Shaping the Future of Enterprise IT

Michael Vizard

Probably the biggest single long-term enterprise IT challenge facing organizations today is that the majority of executives both inside and outside of IT want to transform it, but no one is exactly sure into what.

A recent survey of 152 IT executives and 162 non-IT executives conducted by the Accenture Institute for High Performance found that while 50 percent of the executives in the survey plan to transform the IT function within the next 12 months, 68 percent of them said they don’t have a clear idea what the IT function in their organization will look like by 2016. At the same time, 72 percent of them said they didn’t know what the role of the CIO will be by then, either.

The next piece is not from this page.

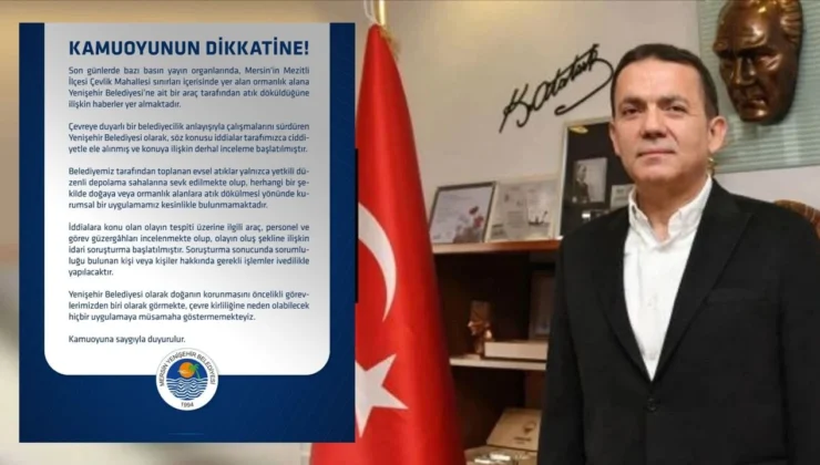 Yenişehir Belediyesi, Mezitli ilçesindeki ormanlık alana belediye aracıyla atık döküldüğü iddiaları üzerine derhal inceleme ve idari soruşturma başlatıldığını duyurdu. Yenişehir Belediyesi, son günler...

Allan Alter, an Accenture research fellow, says the future of enterprise IT is likely to be shaped more by forces outside the control of the IT organization than IT, especially when it comes to assessing the impact of trends such as globalization and government policies. But Alter says other factors, such as the consumerization of IT in the guise of mobile and cloud computing, to the rise of data analytics, are also going to be huge factors.

Ultimately, Alter sees four major themes emerging that he defines as:

  • Race to Innovate: A period of intense global competition driven in large measure by IT
  • Lumpy and Local: A period of localized competition marked by decentralized IT
  • Wary Retrenchment: A period of fear that drives retrenchment based mainly on security concerns
  • World Wide Shred: A future dominated by cyber warfare and crisis management

In all probability, companies will experience all four of these scenarios to one degree or another. What’s unknown is to what degree any of these scenarios may actually come to dominate, which in turn would define the role of IT within the organization.

Rather than rushing headlong to reinvent enterprise IT, Alter says organizations should evaluate their long-term IT strategies with the context of these four overarching scenarios on the assumption that being forewarned is to be forearmed. After all, taking that approach will probably make the difference between organizations that have an IT future they shape versus organizations that simply have a future that happens to them.